Conclusion: Transdermal patch performance was assessed via interferometry for roughness, infrared spectroscopy for thermal imaging, probe-tack test for adhesiveness, and IVPT for drug permeation across porcine skin. Reference patches demonstrated superior adhesive conductivity and uniform distribution compared to test patches. The data demonstrate the feasibility of thermal imaging and interferometry as adjunct techniques to differentiate the adhesive performance of Q2 equivalent transdermal patches manufactured differently. The above comprehensive series of tests offers valuable insights to industry and academia in developing generic transdermal patches.

Figure 1: Surface topography, roughness profiles, and thermal infra-red spectroscopic images of transdermal patches. (A).
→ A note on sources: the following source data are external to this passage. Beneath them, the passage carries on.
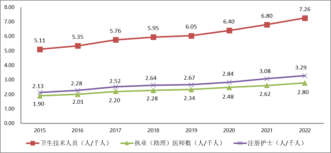 2015-2022年全市每千常住人口衛生人員數
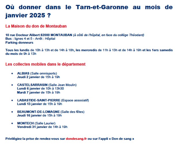 Don du sang en janvier 2025 dans le Tarn & Garonne:
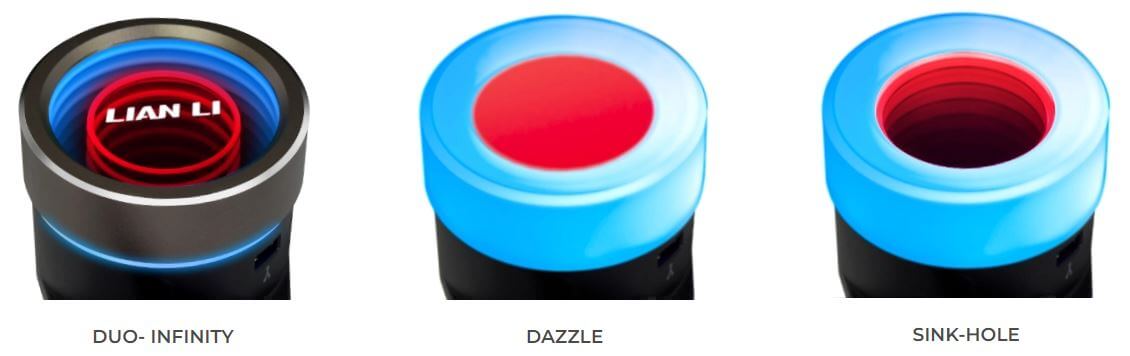 Крышка насоса серии Galahad II Trinity имеет три взаимозаменяемых дизайна, каждый из которых имеет уникальный внешний вид, и два цветных кольца, которыми можно индивидуально управлять с помощью различных световых эффектов.
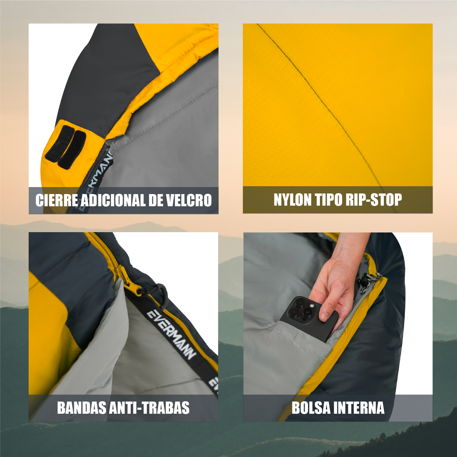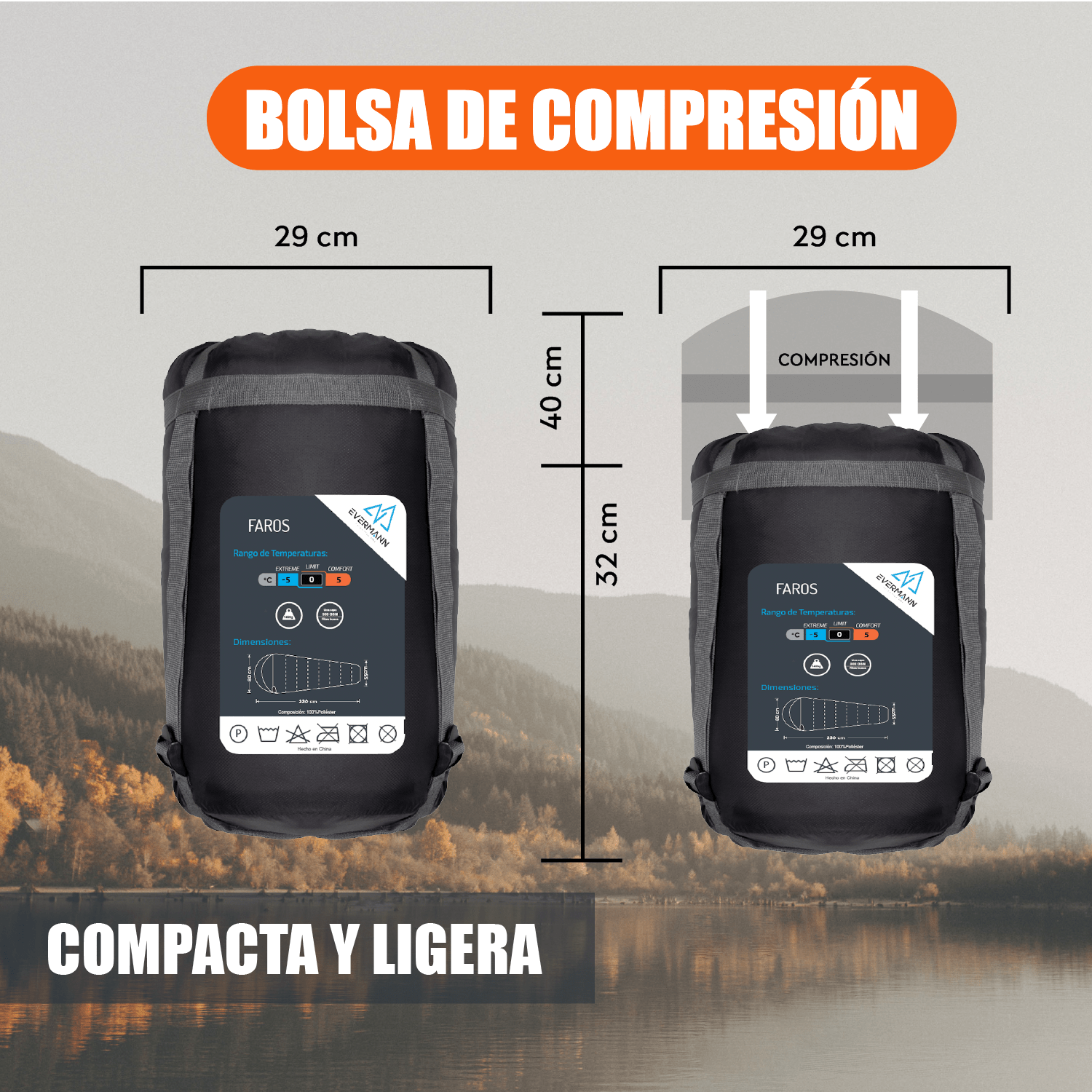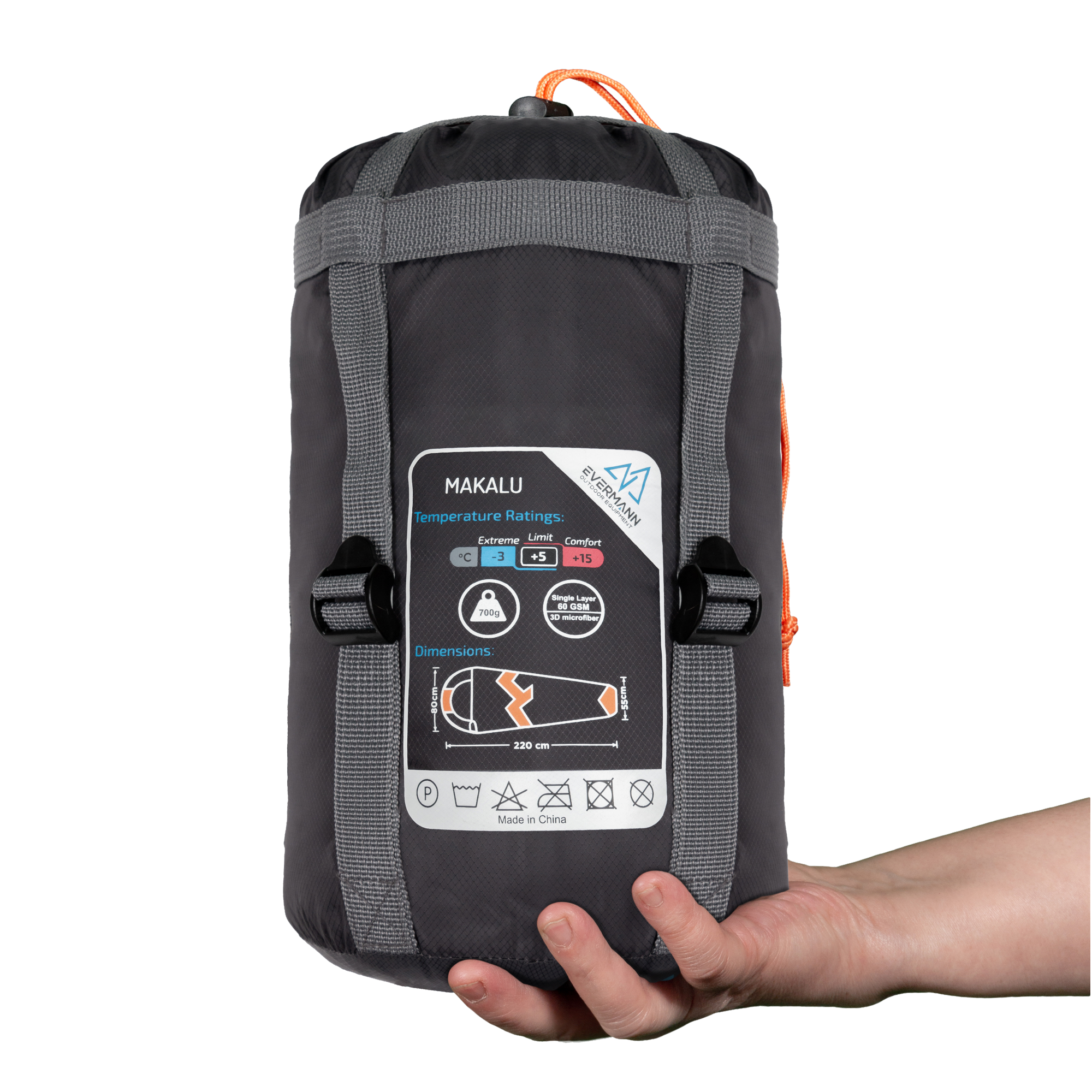 El Sleeping Bag Makalu es nuestra saco de dormir ligero y compacto, con una bolsa de compresión incluida y con un peso total de 700g.
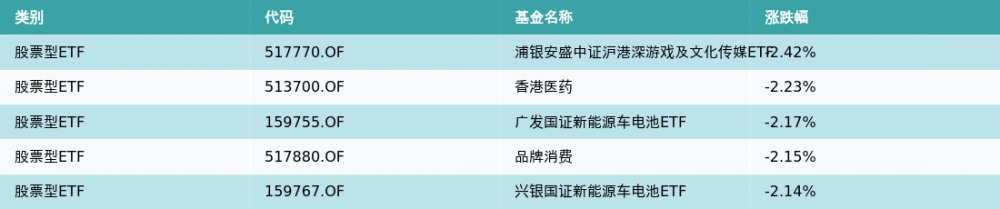 上周股票型ETF跌幅最大的5支ETF及其收益率分别为:浦银安盛中证沪港深游戏及文化传媒ETF(-2.42%)、香港医药(-2.23%)、广发国证新能源车电池ETF(-2.17%)、品牌消费(-2.15%)、兴银国证新能源车电池ETF(-2.14%)。详情见下表:
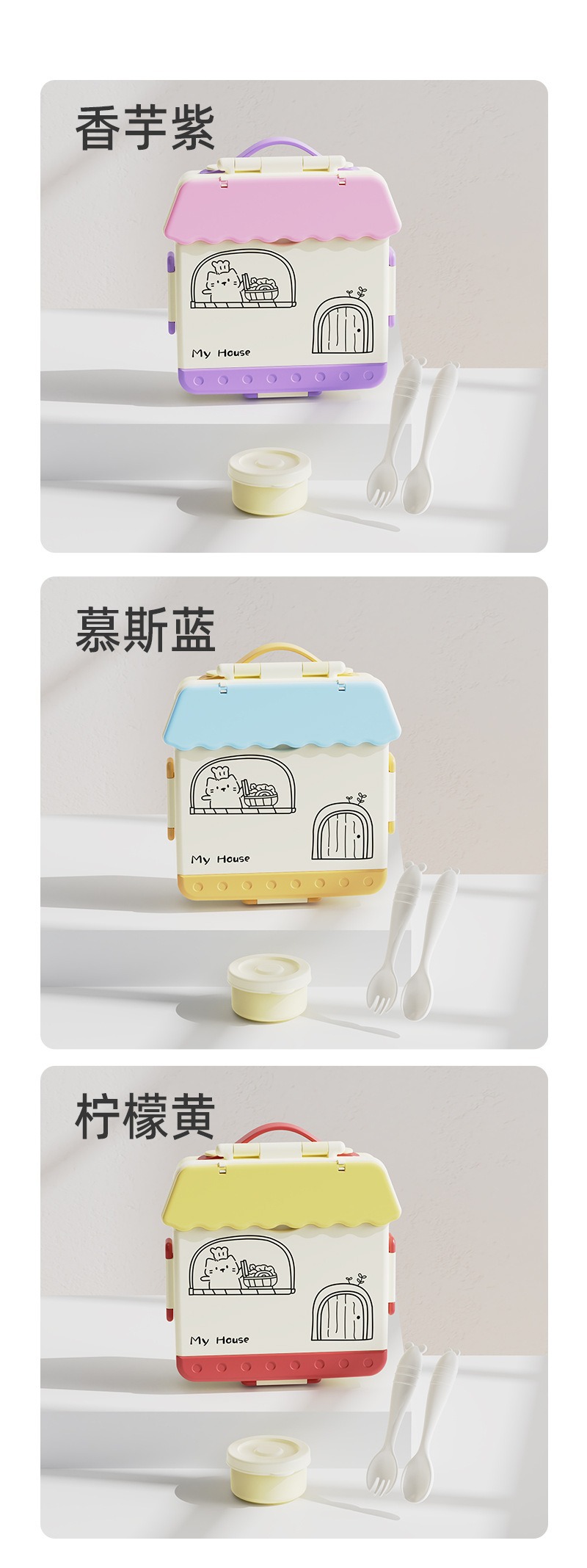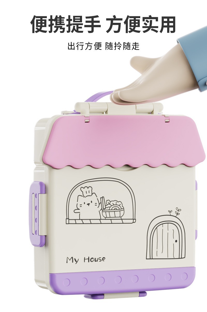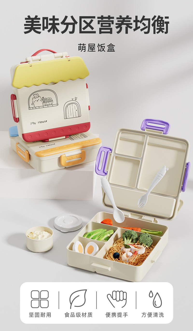 청소가 쉽고 식기세척기 사용이 가능한 어린이용 재미있는 식품등급 도시락통, 초등학생을 위한 휴대용 과일 영양 도시락통
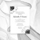 Convide os convidados a continuar a festa na manhã após a cerimônia de casamento com o sofisticado Convite para Café da Manhã Pós-Casamento com Girassóis Preto e Branco. Este elegante convite personalizado para o café da manhã ou almoço após o casamento apresenta girassóis pretos e brancos adornando os cantos com um fundo branco.
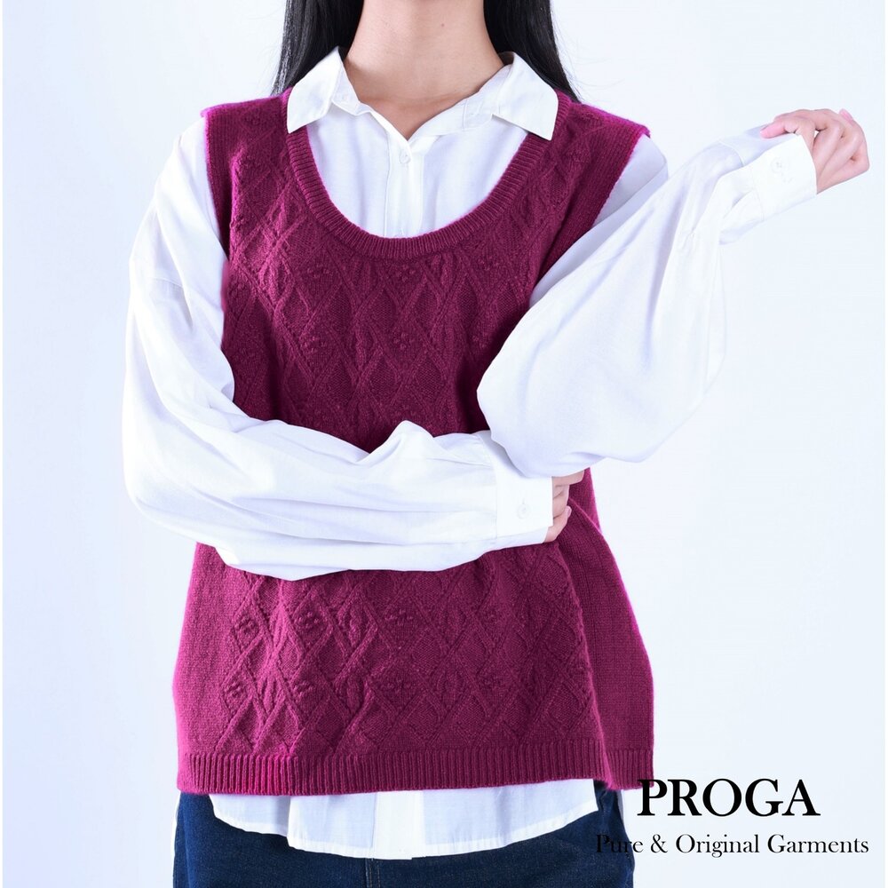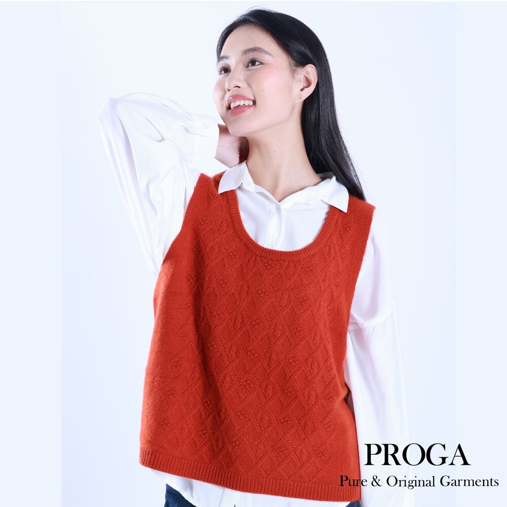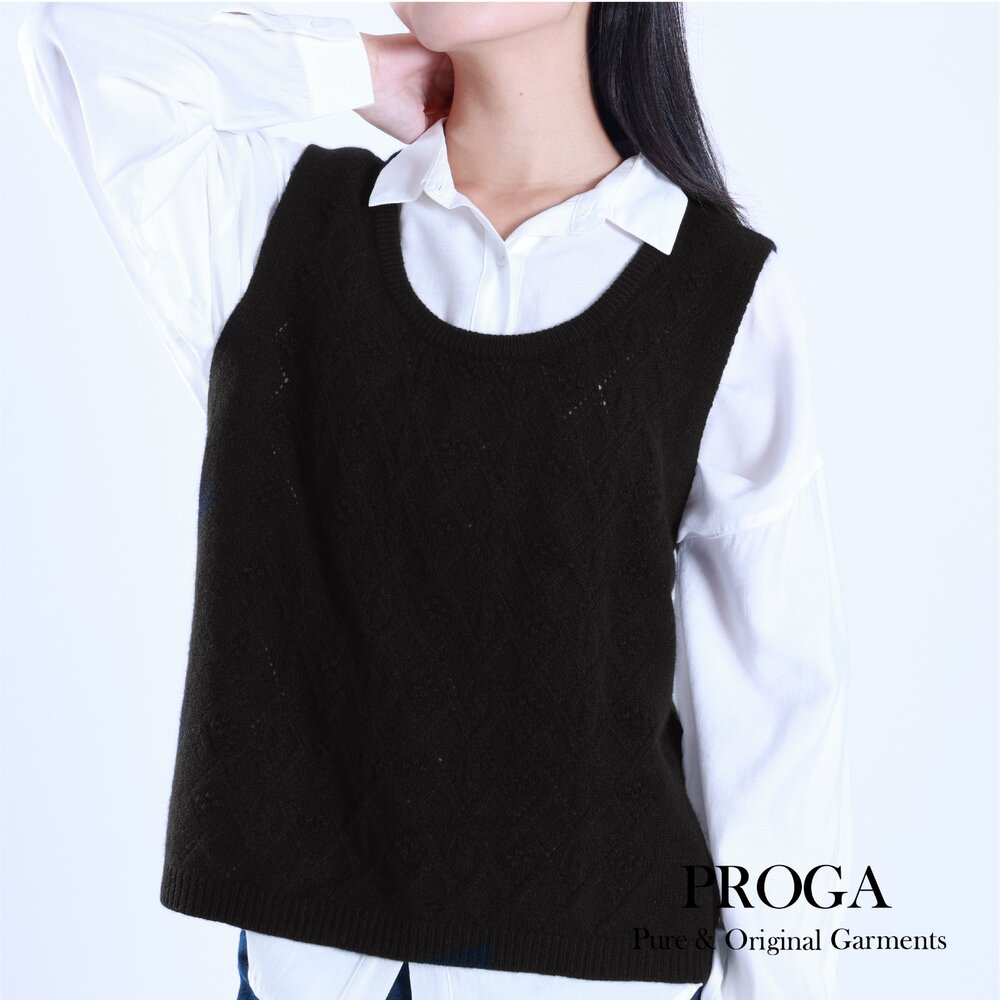 美麗諾羊毛 毛衣 秋冬 cashmere 喀什米爾 克什米爾 羊絨 層次穿搭 韓系休閒 提花 背心 無袖 菱格立體提花 柔軟親膚 高質感 透氣保暖
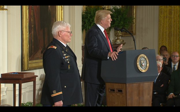 Capt Rose listens as Pres Trump tells the incredible story of Mikes heroic deeds."
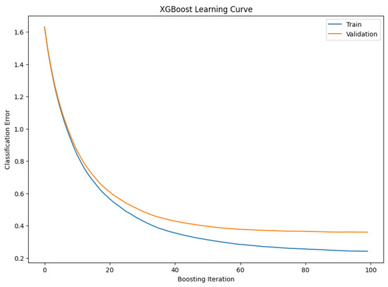 A new hyperparameter optimisation task was initiated to improve the performance of the model. This task consisted of 20 trials, with the first iteration giving the best improvement with a value of around 0.9661. The key hyperparameters tested involved a learning rate of 0.2469 and the use of 535 estimators. The model presented an overall improvement when compared to other models employed in this study. As shown in Table 4, the model achieved about 96.61% accuracy, which reveals the percentage of predictions made from all predictions. A harmonious balance between the accuracy of positive predictions and the fraction of positives that were captured was approximately 0.9710. The values 0.9810 and 0.9617 of precision and recall, respectively, show a high consistency of the model’s predictions. The average cross validation score on the training data is approximately 0.8516. The model learning curve is represented in Figure 8.
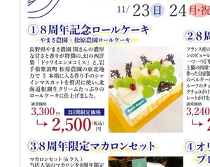 ①うちが毎年お世話になっている農家さんの中から長野県やまさ農園の関さんの幻の西洋梨と岩手県松原農園の吉田さんの台風5号を乗り越えたシャインマスカットを贅沢に使い、北海道根釧生クリームたっぷりのロールケーキに仕上げました。8周年の特別価格で販売します
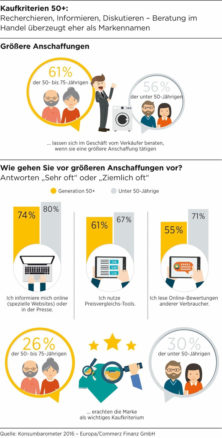 Best Ager kaufen gut informiert, aber nicht impulsiv ein. Dies ist ein zentrales Ergebnis der Studie Konsumbarometer 2016 – Europa, einer repräsentativen Verbraucherbefragung im Auftrag der Commerz Finanz GmbH.
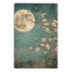 Eine zarte Kirschblüte schmückt die Nacht unter einem hellen Vollmond, Set vor einem rustikalen blauen Hintergrund. Diese Zwischenablage zeigt die friedliche Schönheit der Natur und verbindet Vintagen Charme mit himmlischer Eleganz. Ideal für Liebhaber der Boho-Ästhetik, der japanisch inspirierten Kunst und der Mondlichter Blumenszenen.
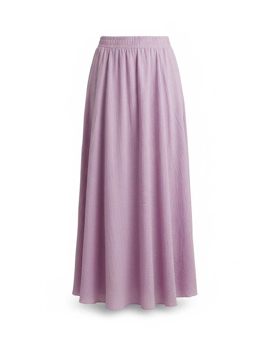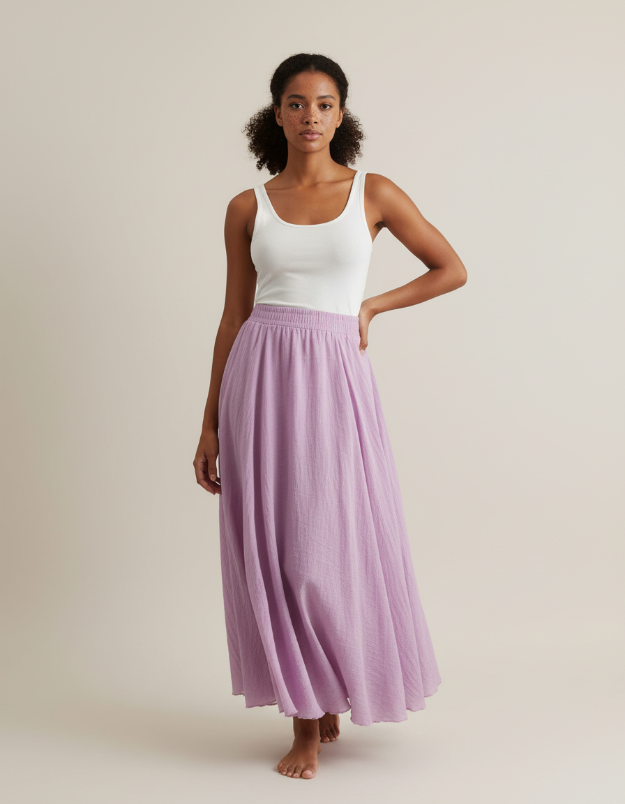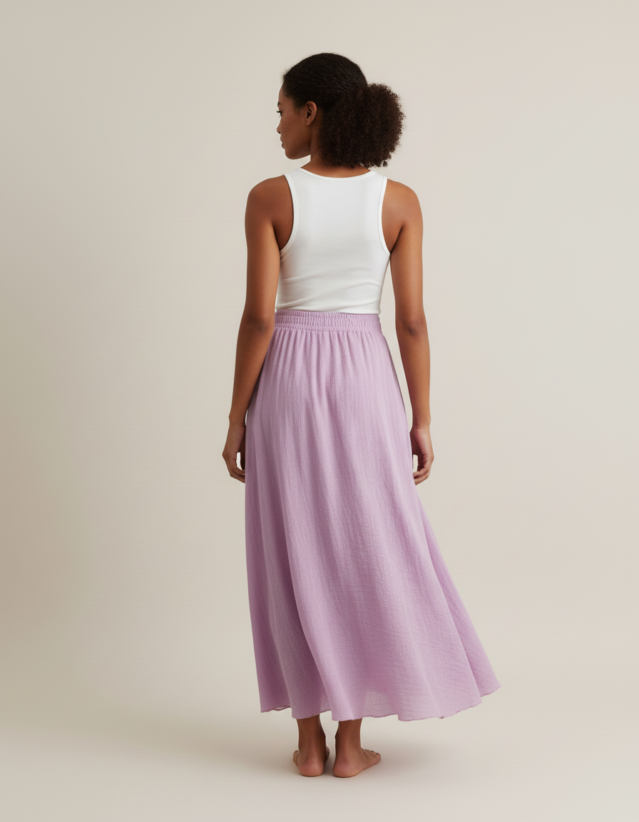 Confectionnée dans un coton pur et respirant, cette jupe se distingue par sa texture subtilement froissée et sa teinte lavande délicate, facile à assortir. Sa taille élastique innovante garantit un confort inégalé et une adaptation parfaite à toutes les morphologies, épousant vos formes avec une discrétion luxueuse. C'est la pièce maîtresse qui transforme instantanément votre tenue, offrant une polyvalence rare pour une garde-robe moderne et consciente. Découvrez le luxe d'une élégance sans effort.
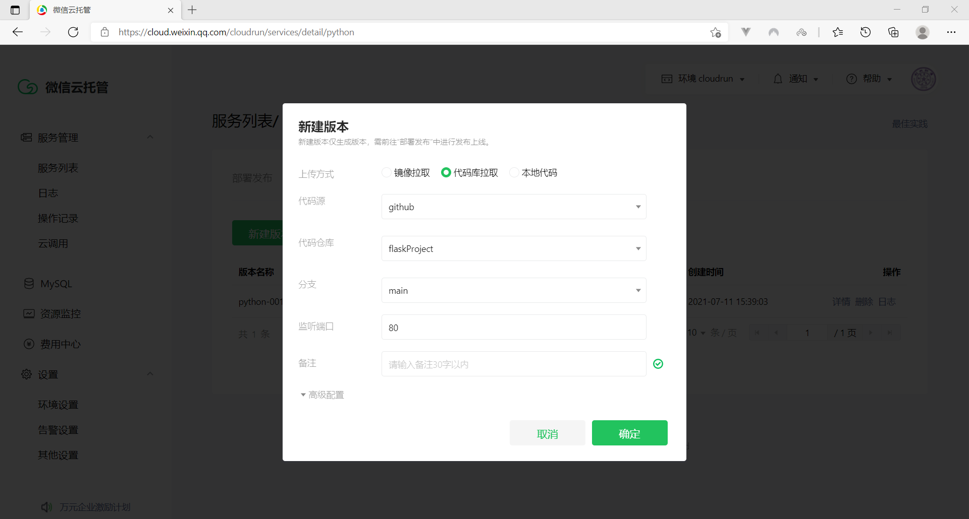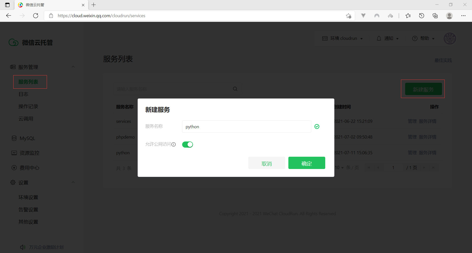 2.访问 微信云托管官网 ,创建云环境,选择服务列表,然后新建服务
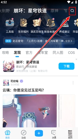 1、打开米游社,点击首页右上角的放大镜图标,进入搜索页面。
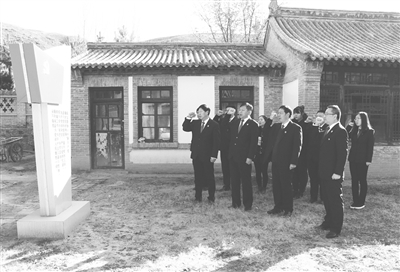 近日,张家口中院第六党支部(民一庭)全体党员到桥西区东窑子镇东湾子村察哈尔农民协会旧址参观学习,认真开展“党员活动日”活动。图为支部书记海延林带领支部全体党员在察哈尔农民协会旧址前重温入党誓词。

Surface topography, and roughness profiles of Reference and Test patches. Un-expired, 2R, 5R, and 10R tampered patches were tested (n=3; p=0.0093, 95% CI). (B). Infra-red thermal imaging was conducted for the same sets of variables. The mean difference in the surface temperature of the skin where the patch was adhered was recorded (n=3). The images were captured when the temperature was at least above 37±1 °C.

Figure 2: Adhesiveness performance evaluation and in vitro drug permeation testing of transdermal patches. (A). Adhesiveness performance was evaluated by probe-tack test using a TA instruments DHR-2 Rheometer. A 8 mm stainless steel peltier plate, with a diameter of 40 mm, loading gap of 30 mm was maintained. An axial force of 10N was applied for 30 seconds, and the experiment was conducted at 25 °C (n=3) (B). In vitro permeation testing of the reference and test transdermal patches were conducted using a vertical Franz diffusion cell of 1.77 cm2 receiver cell orifice area. Porcine ear explant was used, and the experiments were conducted at 37±0.5°C (n=3, p<0.5).